EXERCISE OBJECTIVE:
Below are entries; copy exactly, and only, the lines from the one containing "The Regal Twist" through their final line, leaving out pictures.
[[ PROVIDED ENTRIES open ]]
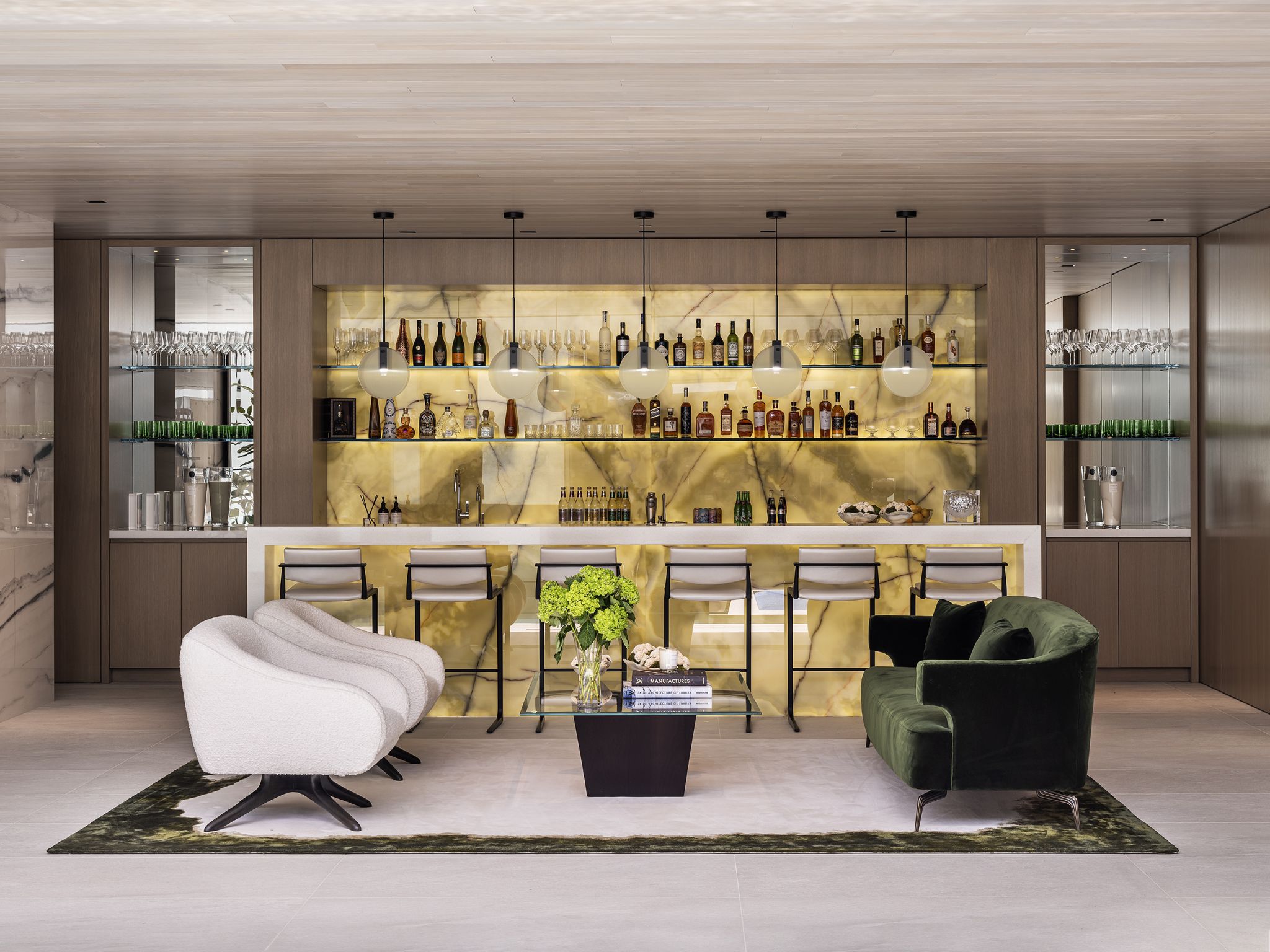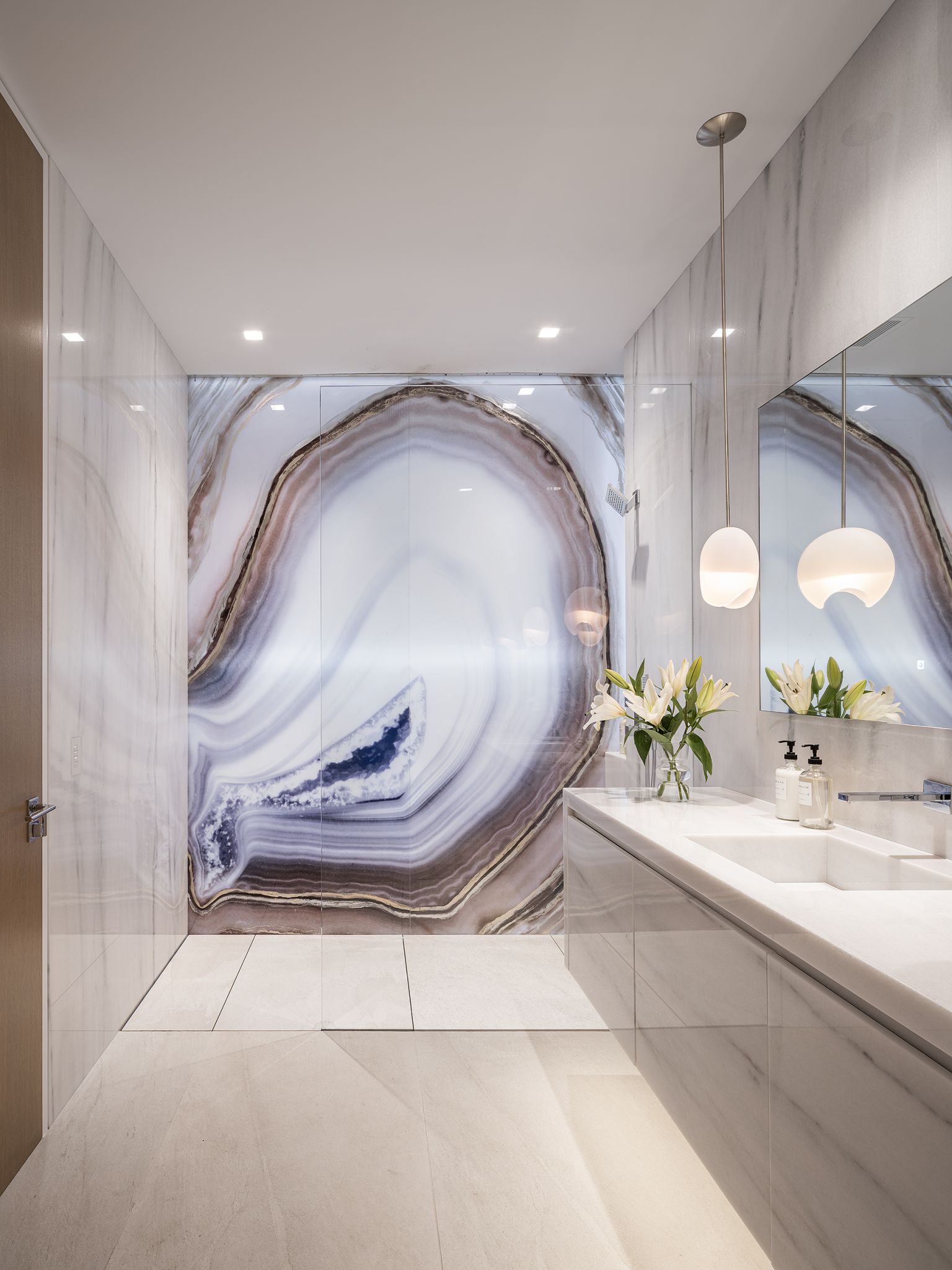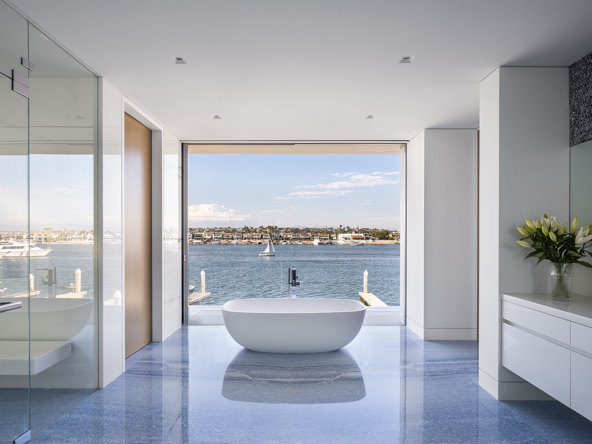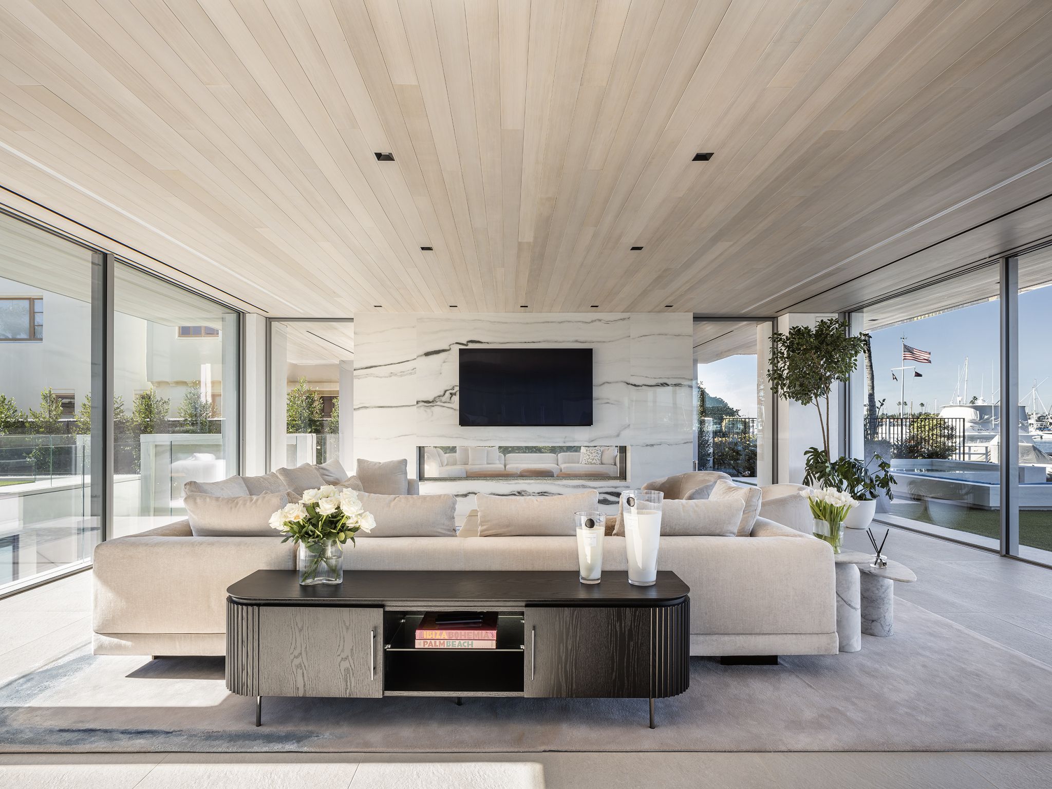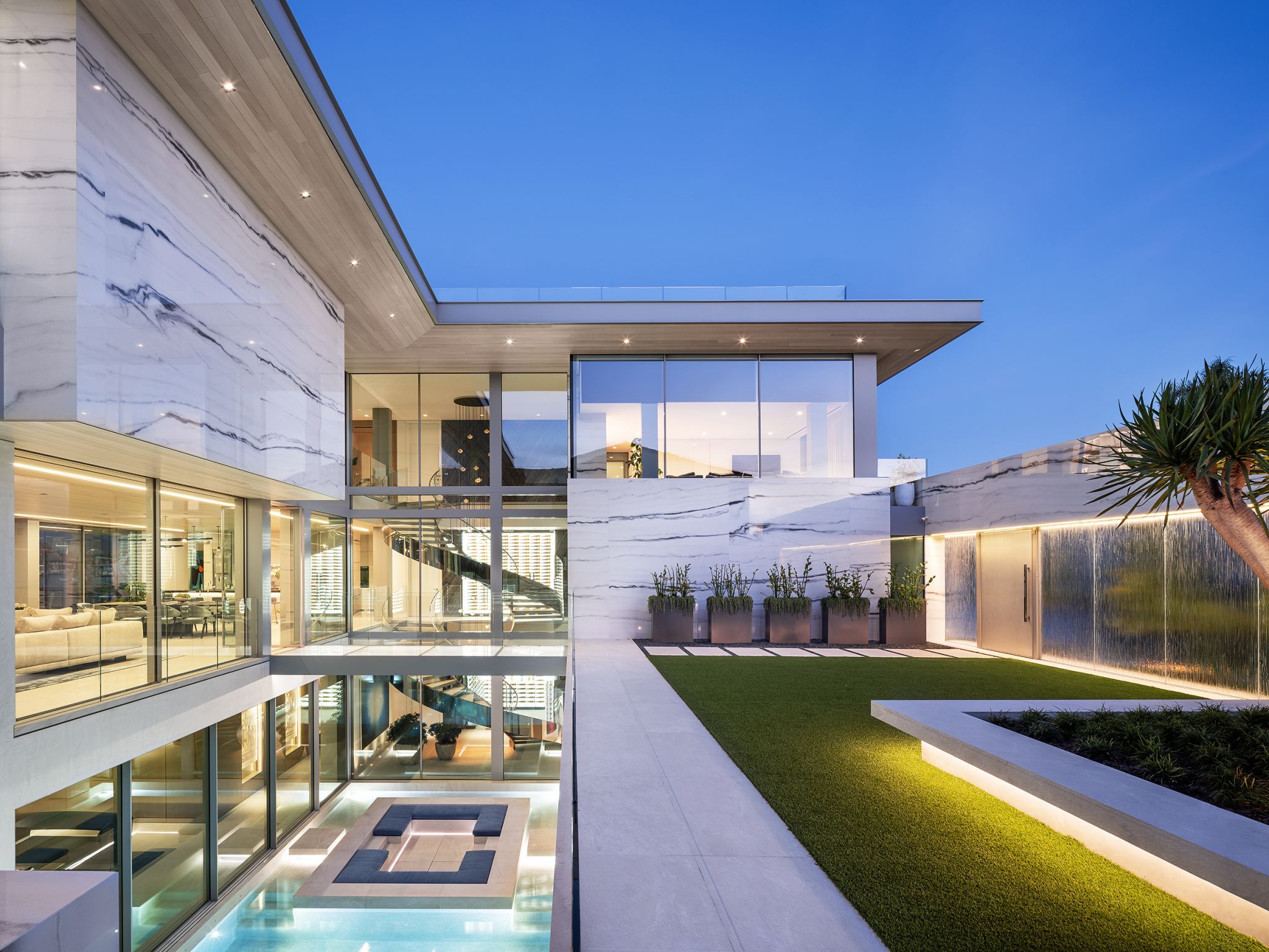 Much of the house’s exterior is clad in bold, veined white marble—visually striking and resistant to the salt-laden coastal air. The same marble flows inside, creating continuity between interior and exterior. Luxurious touches punctuate the palette, including an onyx wall in a powder room. From the gate, one can see through the glass façade straight to the marina, as if the house itself is transparent to the view.
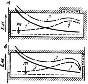 Рис 13 Кривые КЕО совмещенного освещения при использовании светящей панели, расположенной в удаленной зоне потолка (а) и светящей ниши в стене против окна (б) 1 - естественное освещение; 2 - искусственное освещение; 3 - совмещенное освещение.
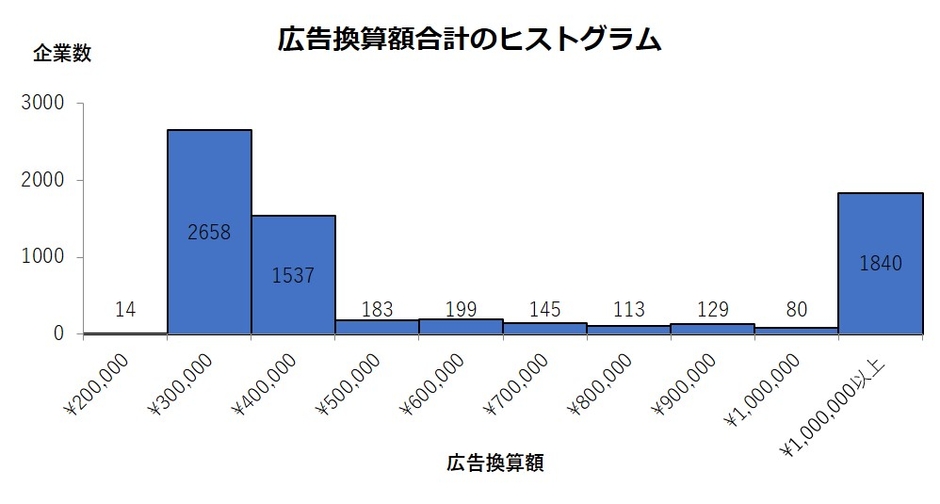 続いて広告換算額の分布図を見てみると、中央値は「300,000円」でした。この金額であれば結果として概ね「良かった」と言えます。
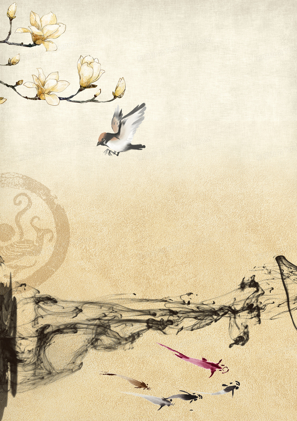 本作品内容为古风鱼鸟相称背景素材, 格式为 jpg, 图片尺寸为2480 x 3508, 作品中背景图片无需修改, 源文件无水印,可以直接使用, 欢迎使用熊猫办公。 如认为平台内容涉嫌侵权,可通过邮件:tousu@tukuppt.com提出书面通知,我们将及时处理。
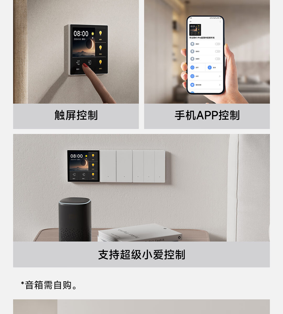 平头熊新款F1PRO超薄中控屏开关蓝牙2.0 白色
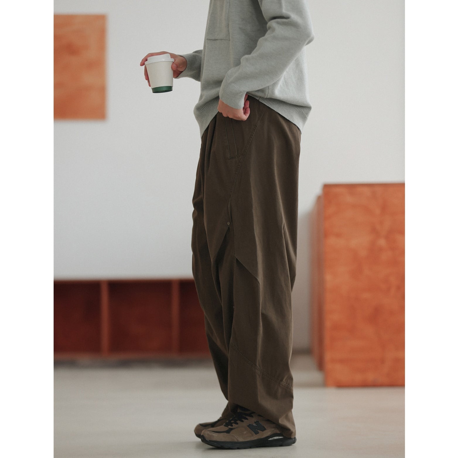 立体的な切り替えデザインが印象的なワイドパンツ。 膝部分のダーツやサイドのタックディテールが自然なボリュームを生み出し、個性的ながらも洗練されたシルエットに仕上がっています。 フロントとバックのミニマルなポケット配置で、すっきりとした表情に。 カジュアルからナチュラルなスタイルまで幅広く活躍する一本です。 ■ color オフホワイト ブラウン ■ material ポリエステル ■ size M / L / XL / 2XL M :ウエスト70cm ヒップ118cm 総丈108cm L :ウエスト74cm ヒップ122cm 総丈110cm XL :ウエスト78cm ヒップ126cm 総丈112cm 2XL :ウエスト80cm ヒップ130cm 総丈114cm ※採寸方法により多少の誤差がある場合がございます ■モデル身長:178cm ■着用サイズ : XL [ 商品管理番号:a-1185] 【お買い物にあたっての注意事項】 ご購入前にこちらをご覧ください。 https://store.path-online.shop/about ▶<PATH>TOP PAGEから、新商品やお得な情報をチェック! https://store.path-online.shop/ ▶【Instagram】公式インスタグラムページはこちら。 https://www.instagram.com/path_official_jp/
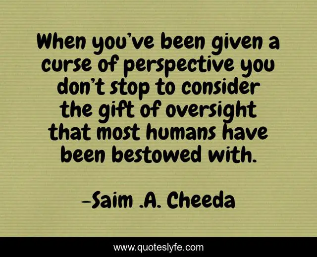 This page presents the quote "When you’ve been given a curse of perspective you don’t stop to consider the gift of oversight that most humans have been bestowed with.". Author of this quote is Saim .A. Cheeda. This quote is about curse, interpretation, consider, gift, abstract, reality, thought, bestow, perspective,.
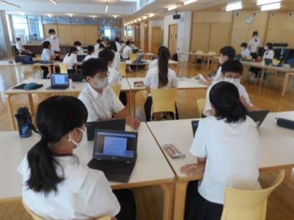 生徒議会・専門委員会 公開日 2022/09/05 更新日 2022/09/05 芝園の一日 9月5日(月) 放課後に、生徒議会・専門委員会を行いました。2学期の活動内容について確認しました。生徒議会では、クロームブックを活用して、意見を交流させました。よりよい学校生活になるように活発に意見を交換しました。
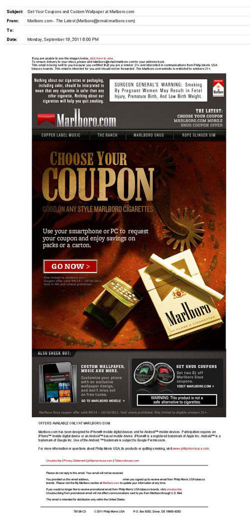 E-mail from Marlboro received in September 2011 advertising a new cigarette coupon offer available from the brand's website.
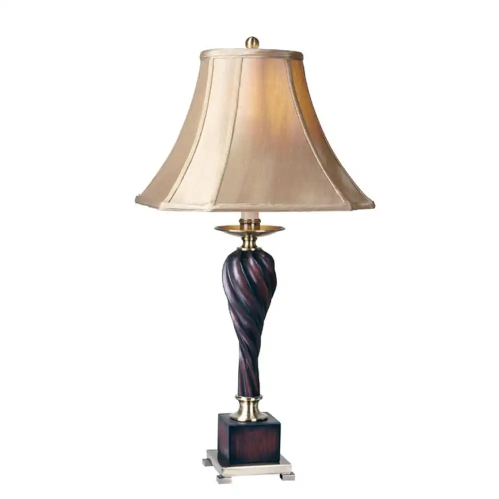 The Regal Twist Table Lamp blends timeless sophistication with artisanal craftsmanship, embodying the perfect balance between luxury materials and functional design. The lamp’s sculptural body features a solid wood column in a deep walnut finish, elegantly hand-carved with a twisting silhouette that conveys movement and grace. Accentuated with antique brass detailing and brushed metal fittings, the piece exudes warmth and refinement.
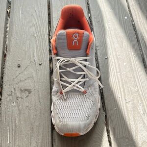 Stylish On Running shoes. White and orange pair with sleek design.
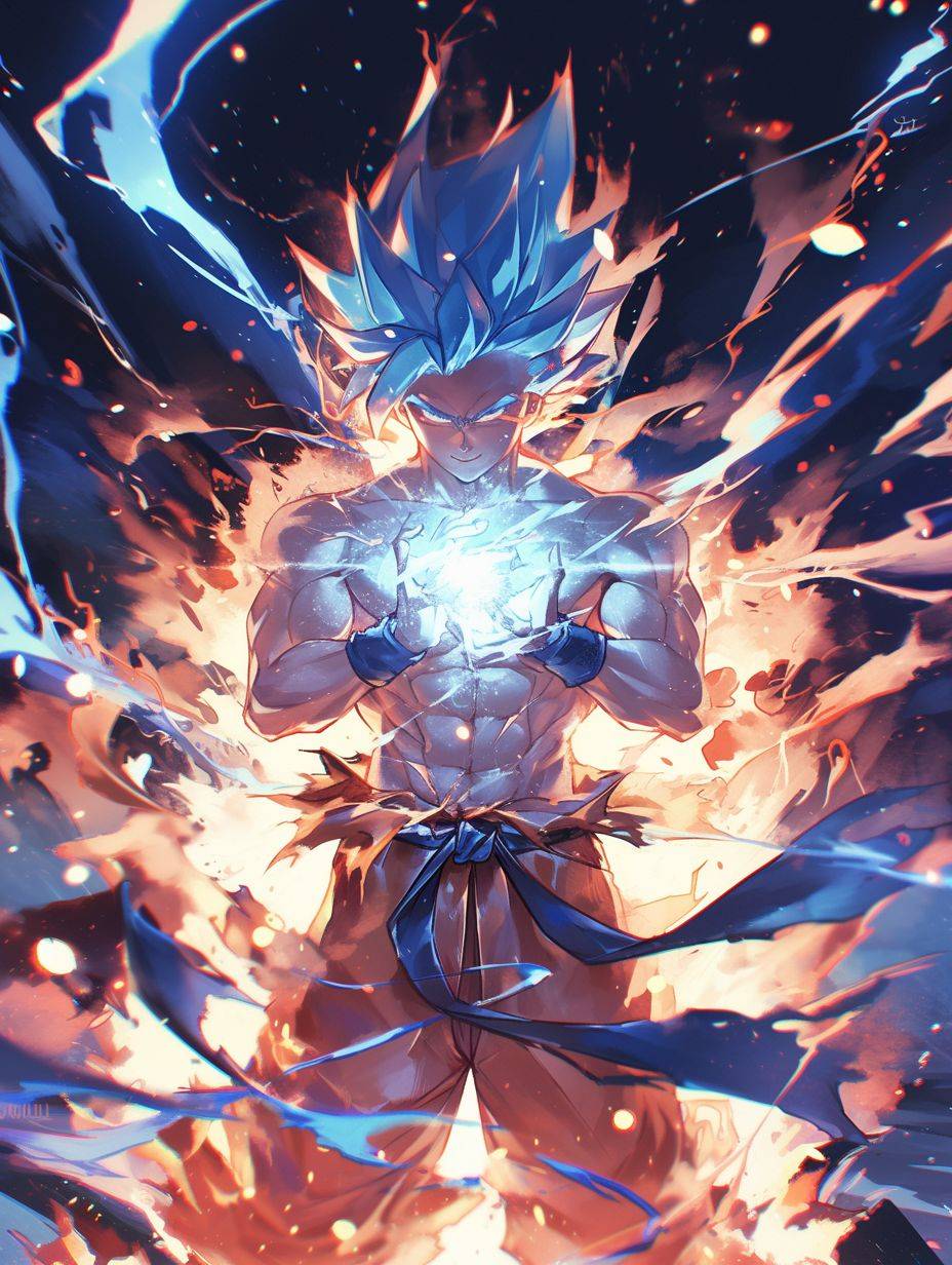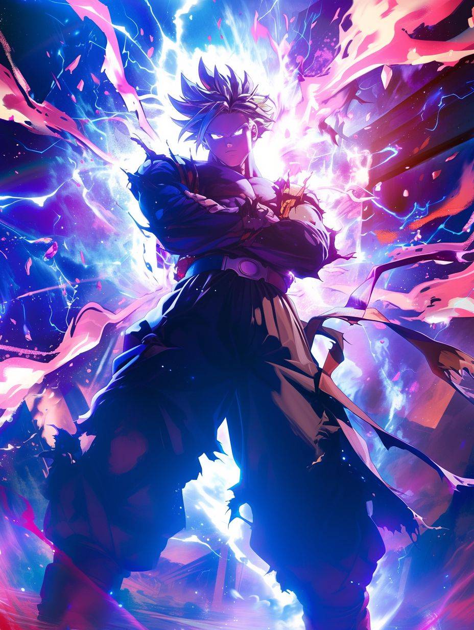 Seu personagem, em sua pose icônica, cercado por uma aura calma e poderosa, no estilo de anime clássico, estilo de arte digital com cores vibrantes, detalhes em alta definição, postura poderosa.
[[ PROVIDED ENTRIES closed ]]
ANSWER TO THE EXERCISE:
 The Regal Twist Table Lamp blends timeless sophistication with artisanal craftsmanship, embodying the perfect balance between luxury materials and functional design. The lamp’s sculptural body features a solid wood column in a deep walnut finish, elegantly hand-carved with a twisting silhouette that conveys movement and grace. Accentuated with antique brass detailing and brushed metal fittings, the piece exudes warmth and refinement.
 Stylish On Running shoes. White and orange pair with sleek design.
 Seu personagem, em sua pose icônica, cercado por uma aura calma e poderosa, no estilo de anime clássico, estilo de arte digital com cores vibrantes, detalhes em alta definição, postura poderosa.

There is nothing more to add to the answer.